» **Problem**: For the data below, transcribe the part that opens with the line containing "Книга содержит задания" and closes with the line containing "Серьги Xuping цвет", exactly and with no pictures.

» **Input records**:

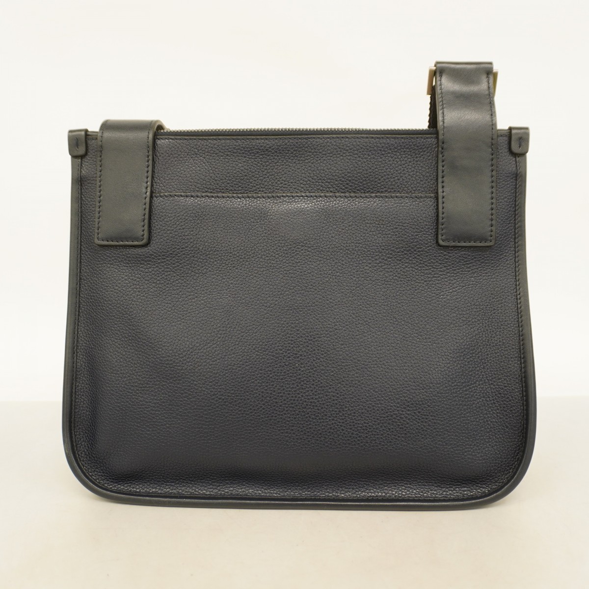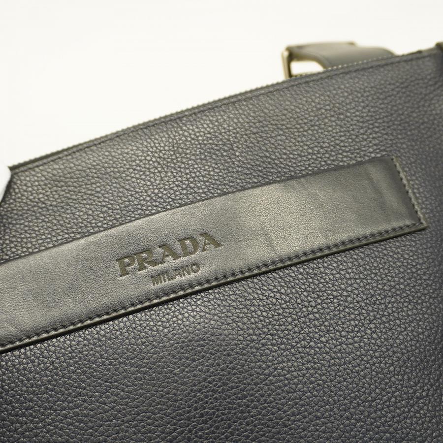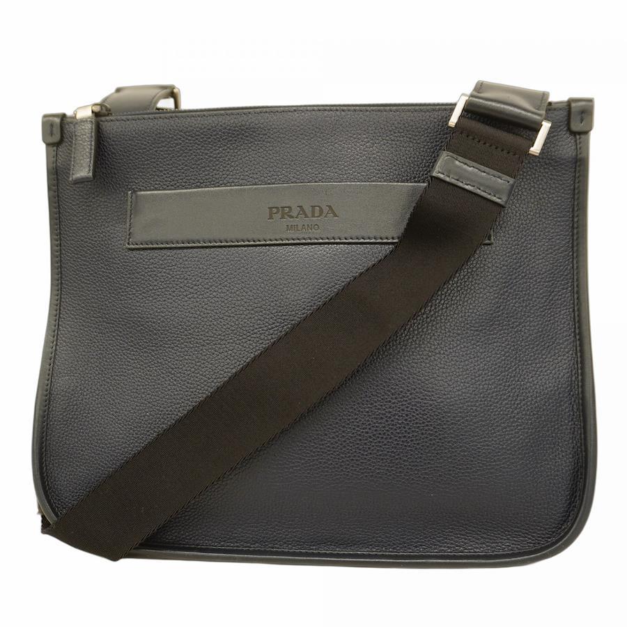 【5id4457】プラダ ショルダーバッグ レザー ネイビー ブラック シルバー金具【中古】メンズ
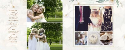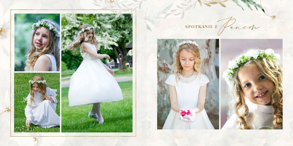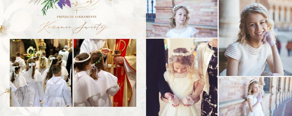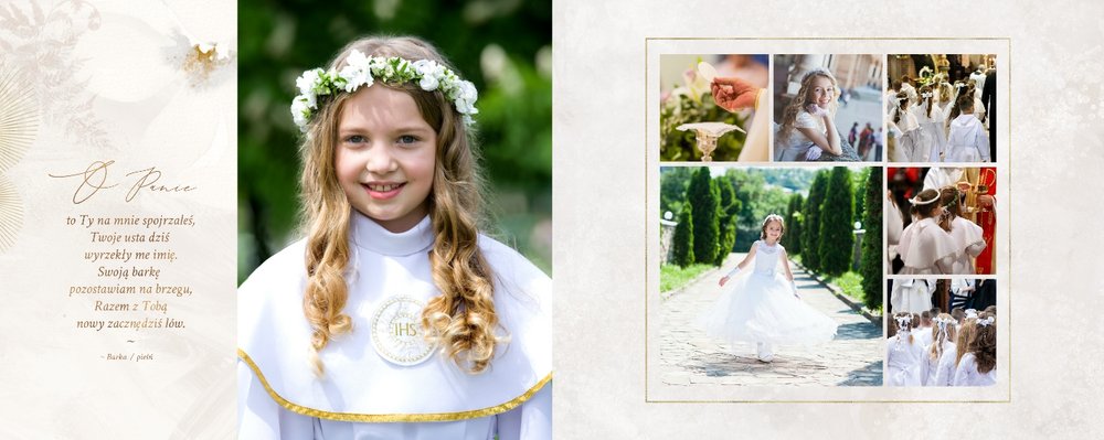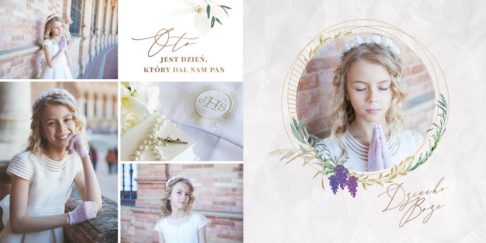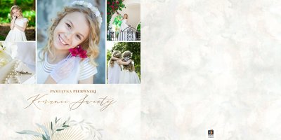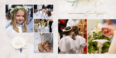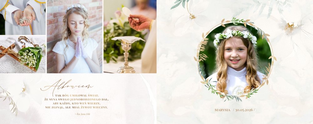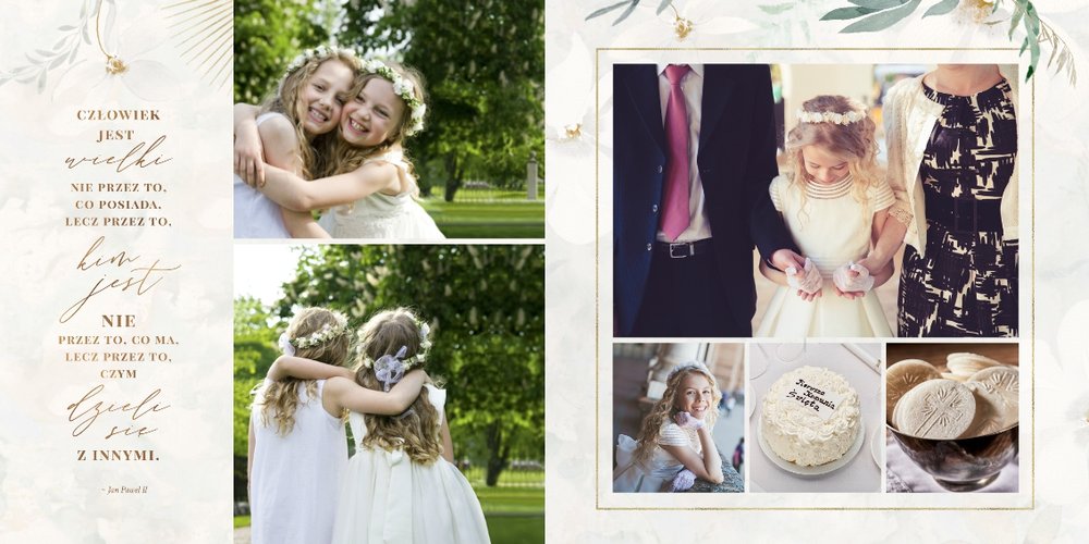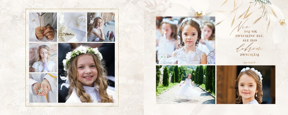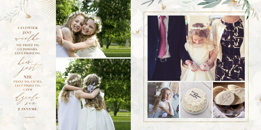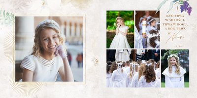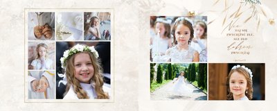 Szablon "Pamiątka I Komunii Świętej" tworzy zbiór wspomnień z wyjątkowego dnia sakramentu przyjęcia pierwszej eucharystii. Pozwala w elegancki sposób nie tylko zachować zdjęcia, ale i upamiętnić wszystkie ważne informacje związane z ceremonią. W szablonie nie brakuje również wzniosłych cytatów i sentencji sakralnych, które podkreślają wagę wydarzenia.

* * *

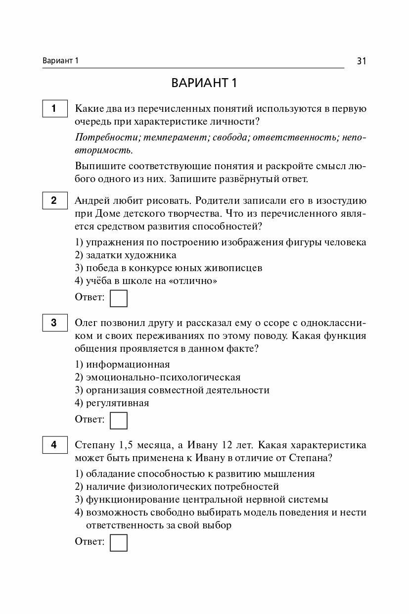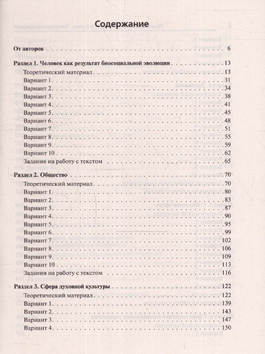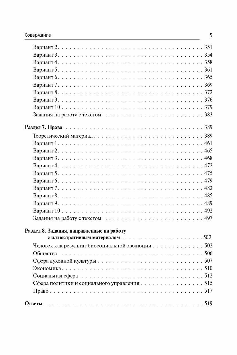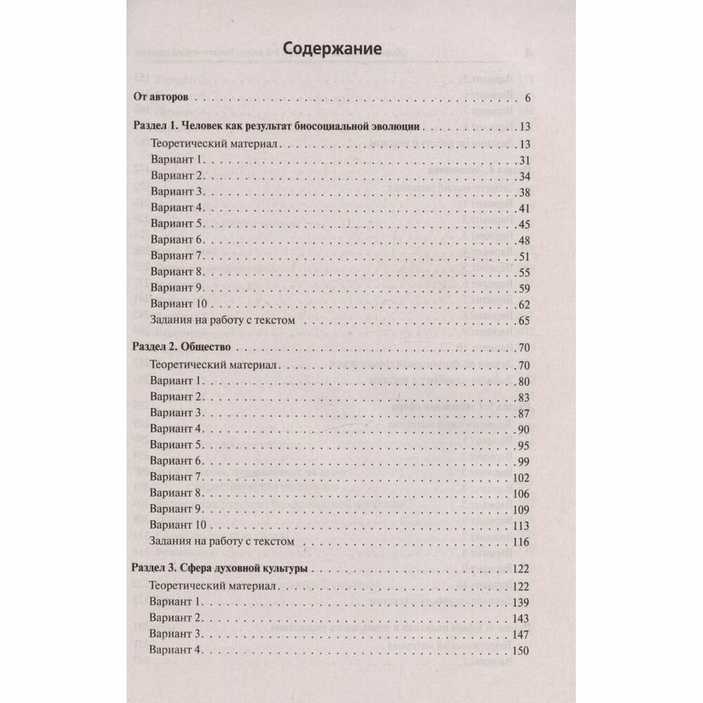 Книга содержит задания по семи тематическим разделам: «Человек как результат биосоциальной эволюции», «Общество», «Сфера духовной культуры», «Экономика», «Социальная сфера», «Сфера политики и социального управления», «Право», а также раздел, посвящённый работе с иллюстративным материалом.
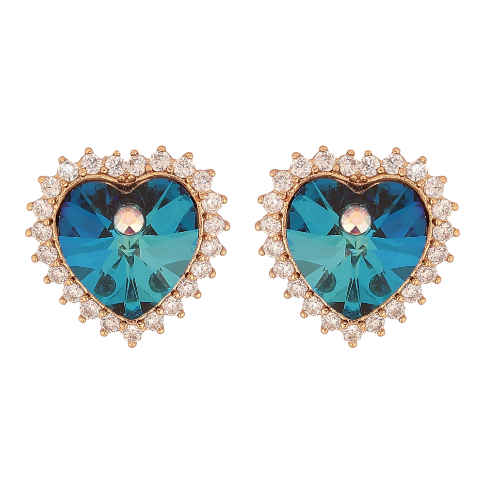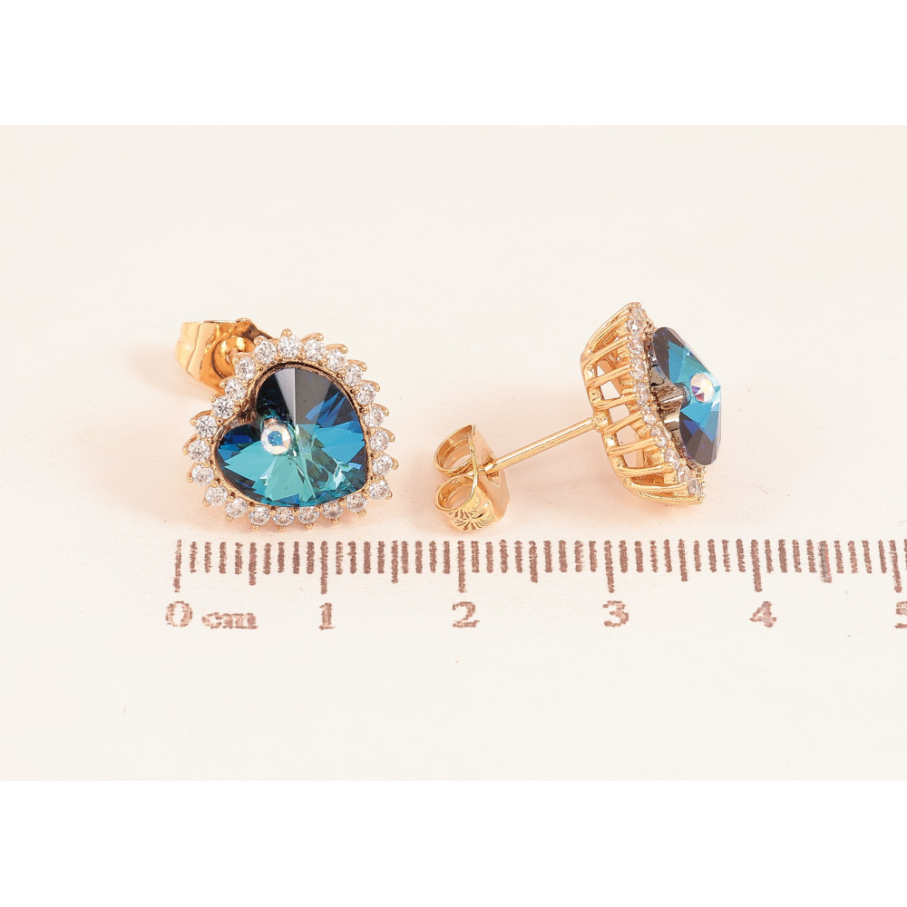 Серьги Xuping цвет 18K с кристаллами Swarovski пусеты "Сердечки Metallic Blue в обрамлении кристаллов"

» **Worked solution**:
 Книга содержит задания по семи тематическим разделам: «Человек как результат биосоциальной эволюции», «Общество», «Сфера духовной культуры», «Экономика», «Социальная сфера», «Сфера политики и социального управления», «Право», а также раздел, посвящённый работе с иллюстративным материалом.
 Серьги Xuping цвет 18K с кристаллами Swarovski пусеты "Сердечки Metallic Blue в обрамлении кристаллов"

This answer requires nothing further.